We frequently find clients who already have solid, cost effective insurance plans in place. We review them for the client, so they can have confidence in what they already have. Then we tell the client: you need to hang on to this; we can’t do any better for you. I think our clients appreciate our candor.

5. Vet investments thoroughly. We have a due diligence process for every investment or insurance recommendation. We think our independence is crucial for providing independent advice to our clients that is in their best interests. Our due diligence process is never ending.

Take indexed universal life insurance. There are 60 companies out there who offer this product. Every year or so, we go through the same process to make sure we are offering the best possible solutions to our clients.
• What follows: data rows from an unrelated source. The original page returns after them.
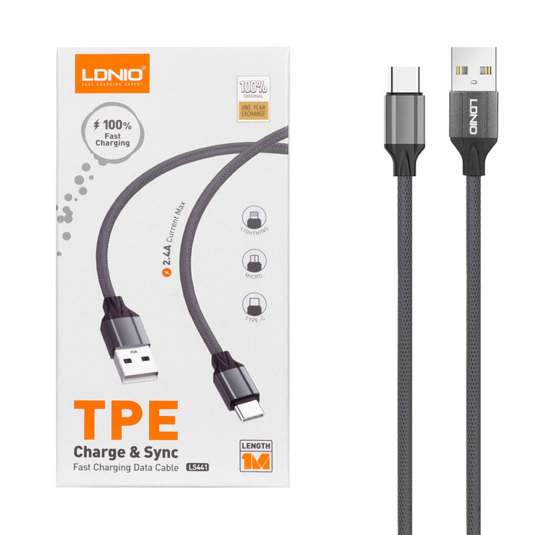 کابل شارژ فست LDNIO Type-C مدل LS441 - خاکستری
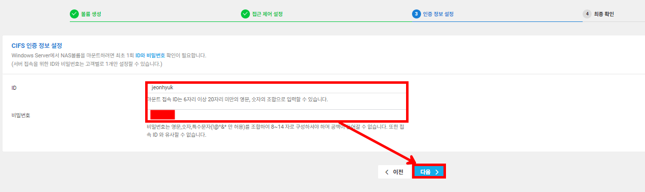 Windows Server에서 NAS 볼륨을 마운트 하려면 인증 정보가 최초 1회 필요한데 CIFS 인증 정보 설정을 합니다.
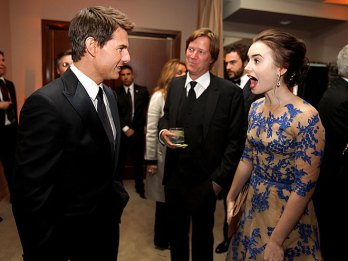 What do you think Lily Collins is more shocked about? The fact that she ran into Tom Cruise at the after party, or the fact that she’s basically nude in front of everyone? I mean, sure, she’s got that blue algae covering up some stuff. But still, kinda embarrassing. (stop making me speak ill of my favorite singer’s offspring; I’m already trying to contend with The Eyebrows.)
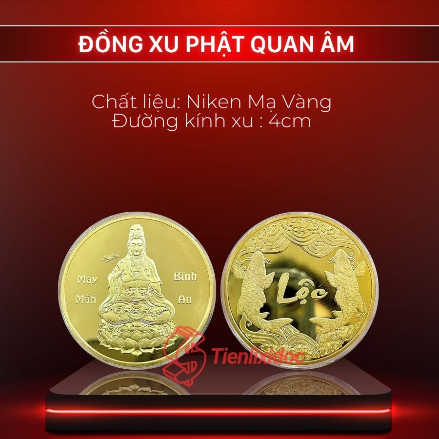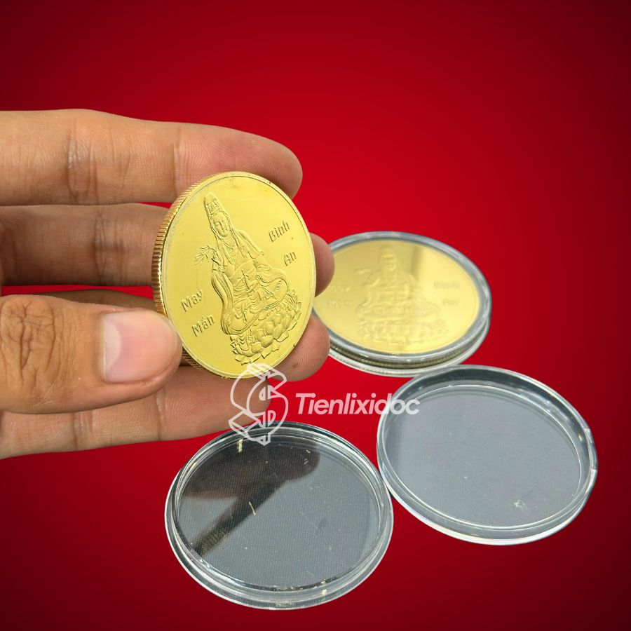 Vật phẩm mang trong mình năng lượng từ bi của Mẹ Hiền Quan Thế Âm. Đồng Xu Phật Quan Âm mạ vàng là một pháp bảo hộ thân nhiệm màu. Vật phẩm giúp xoa dịu mọi phiền não và ban phát phước lành. Nó mang lại bình an cho tâm hồn và phúc lộc cho gia đạo. Tết đang đến gần, đây là thời điểm thiêng liêng để trao gửi yêu thương. Đồng xu này là món quà Tết chứa đựng lòng thành kính. Nó thay cho lời chúc phúc viên mãn nhất cho một năm mới an yên.
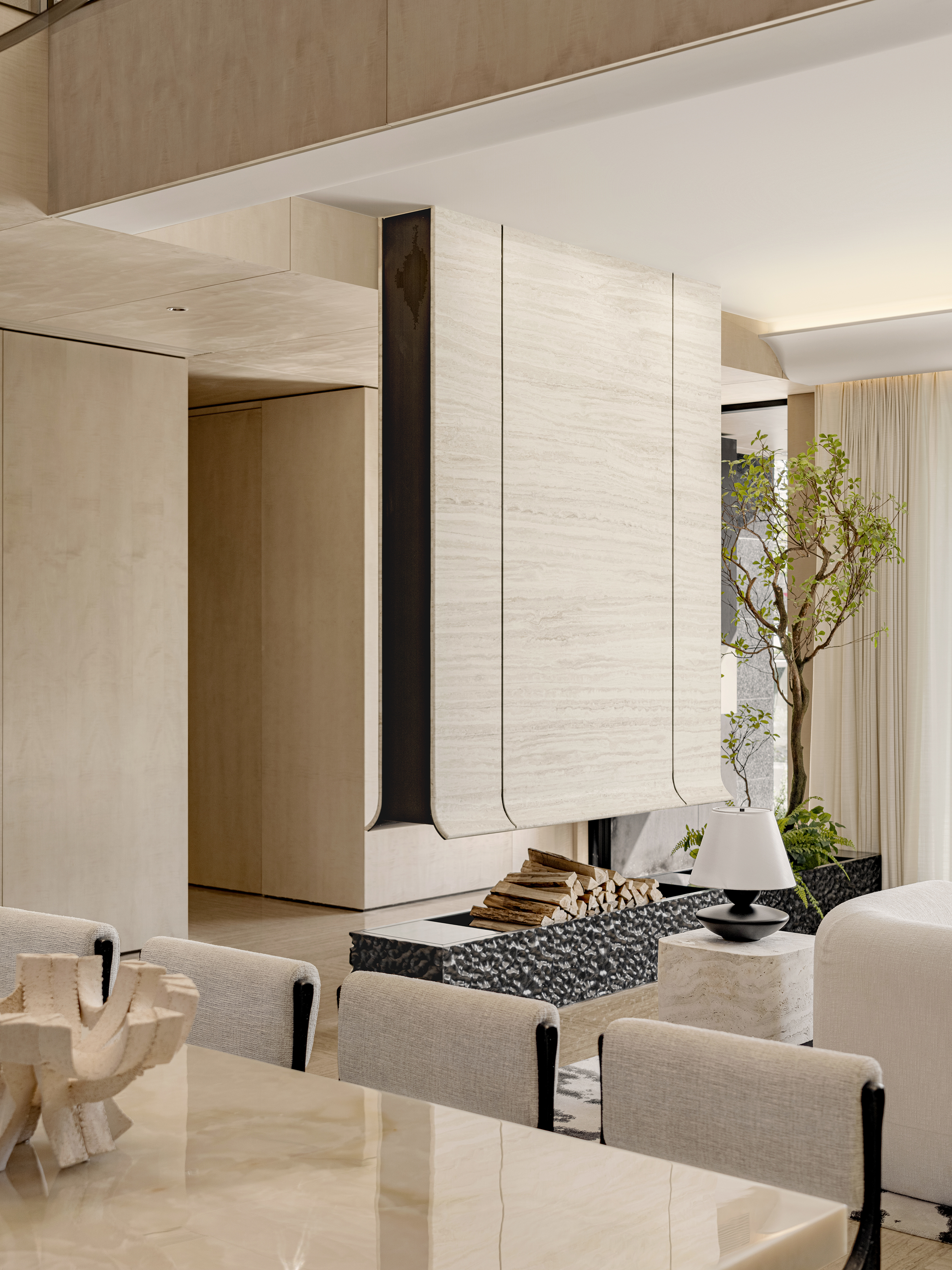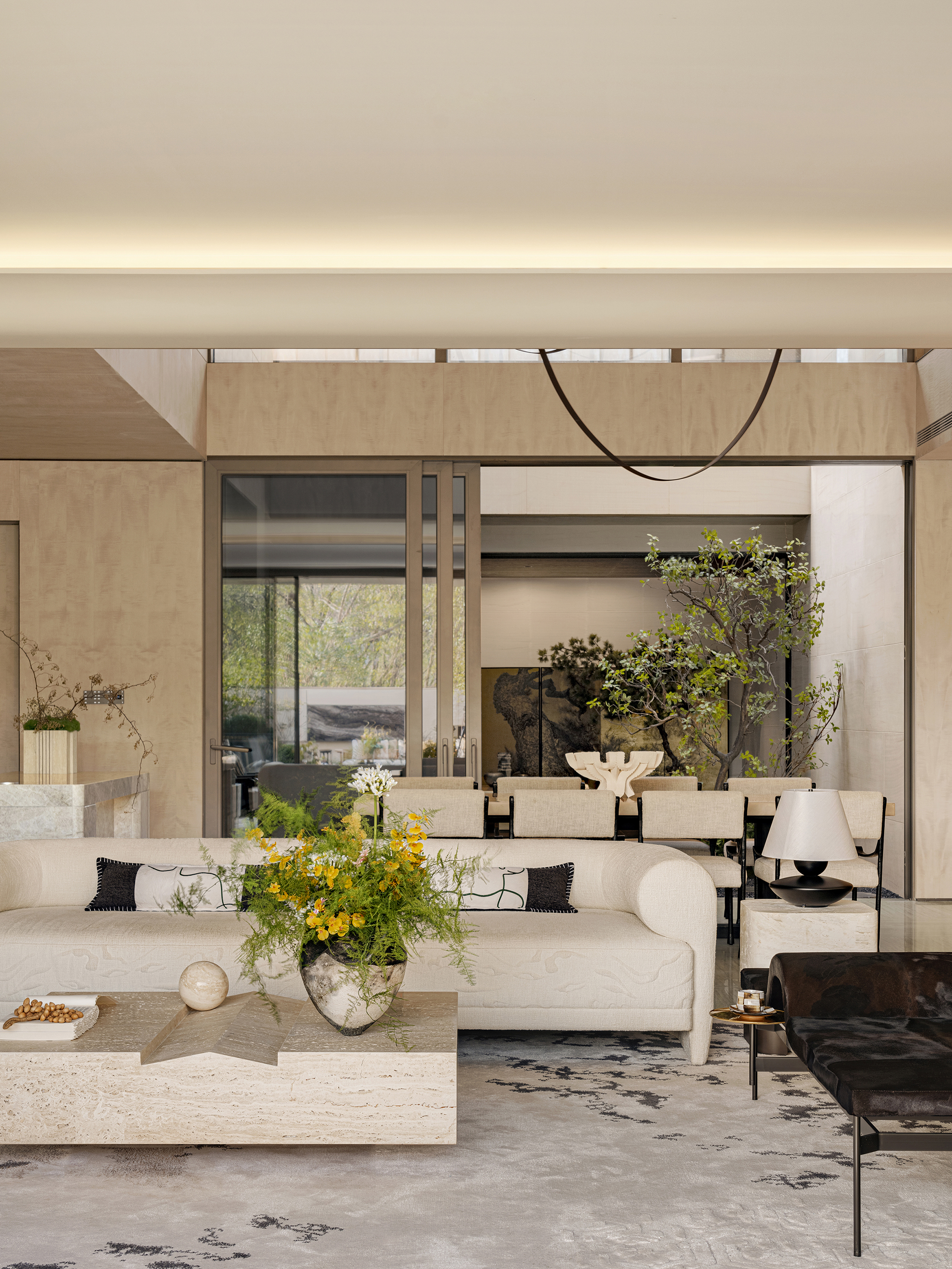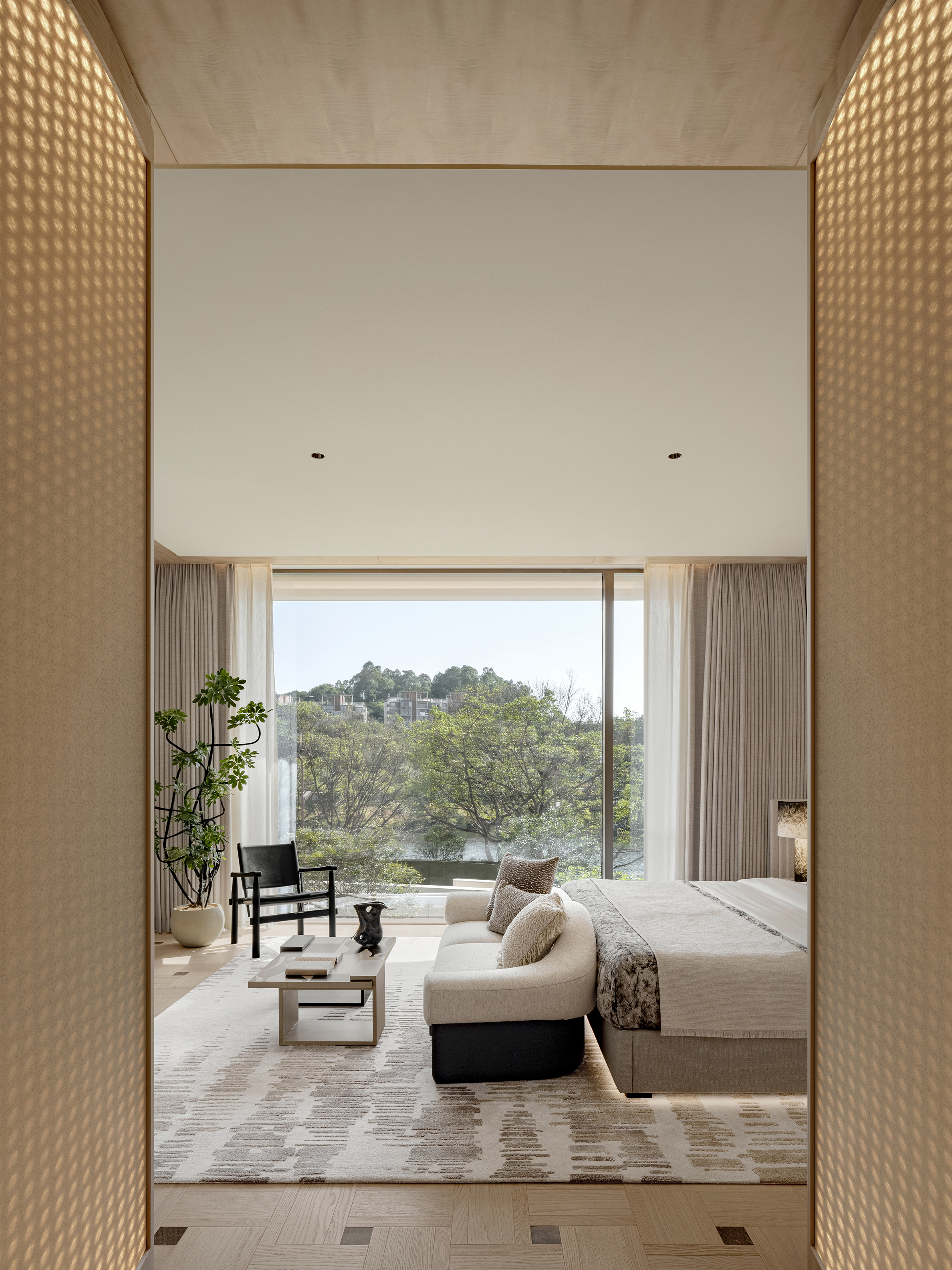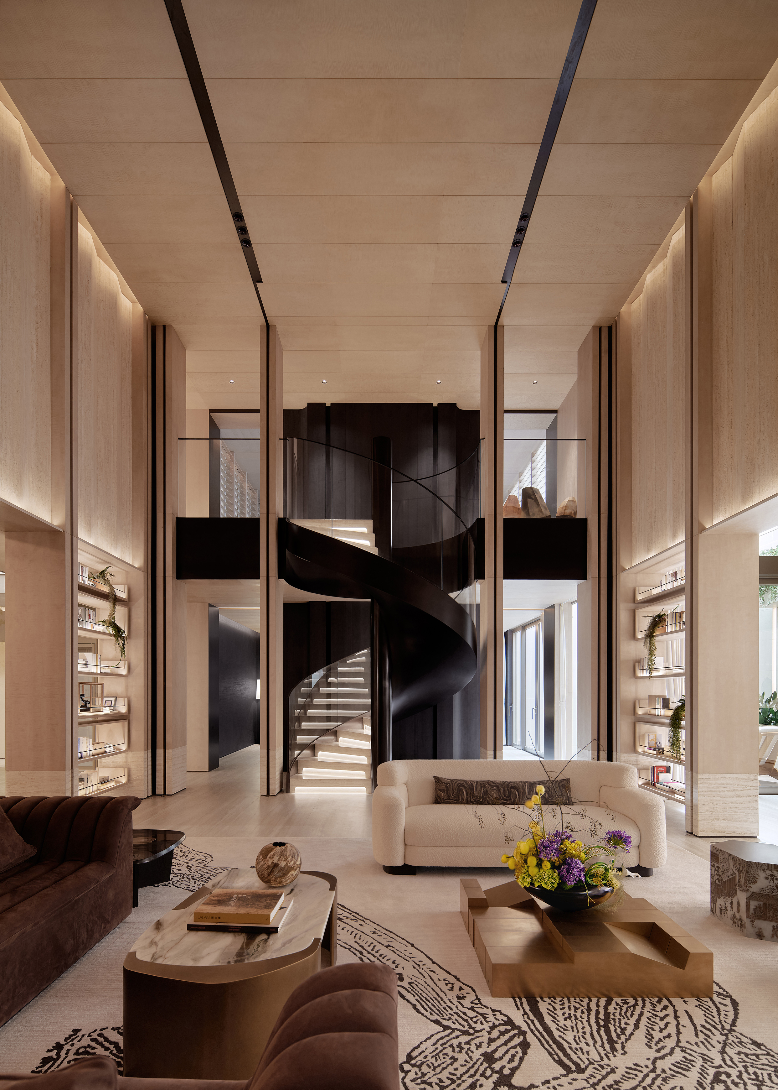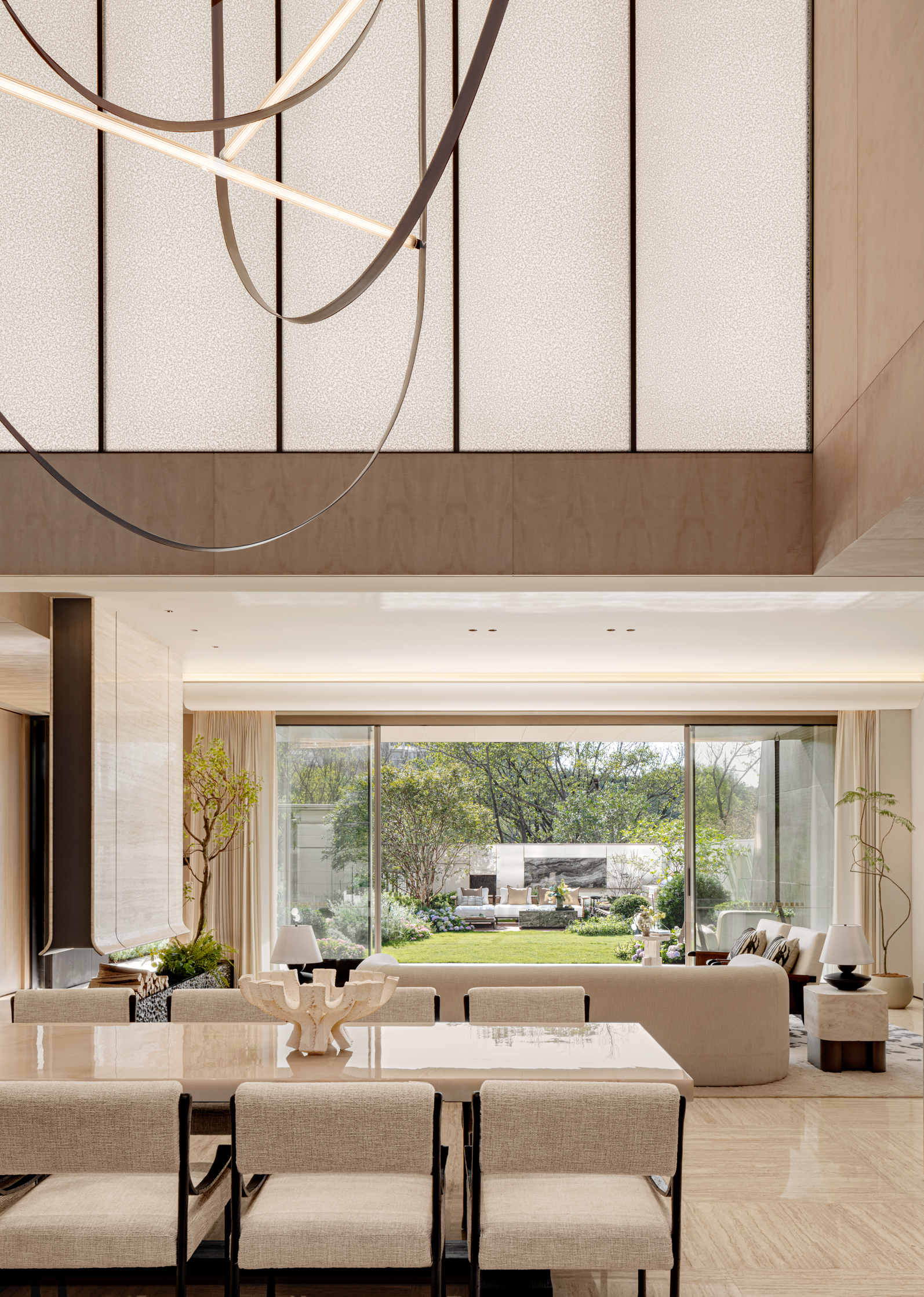 项目位于广州天河世界大观板块,坐拥太阳湖与月亮湖双湖景观,依托约71.9公里湖岸线及原生密林,保留200余棵乔木,打造低密生态社区。临湖栈道串联归家动线,将湖景四时晴雨融入生活界面,通过无界空间设计,模糊室内外界限,引自然入室。

We immediately eliminate 50 of the companies—they are not cost effective or financially sound or are just not a good choice for our clients. With the top 10, we slice and dice them in every way possible. We look at dollars in to dollars out, expenses, charges, surrender fees, historical returns and numerous other factors. In the end, we usually get it down to two to four different options. Each of these would be a great choice for the right client. We also document this research.

Even though we go through this exercise for investments, term insurance, disability insurance, I didn’t bother to explain it to clients when we first opened our practice. At the beginning, I just mentioned that we were independent and look for the best solutions.

I found out over time that I needed to put more context into the conversation so the client would really appreciate not only the work we had done, but why our recommendation is a good choice for them. Once I explained our due diligence process, I found clients were feeling more comfortable and much more likely to move ahead. They asked fewer questions and the whole process was a little faster. It was apparent we were solving a deep inner need in our clients so they felt comfortable moving ahead.

To provide this level of service provides an entire team—I am blessed to have a great team to help support wonderful clients. You can see why I will never retire. This is way too much fun.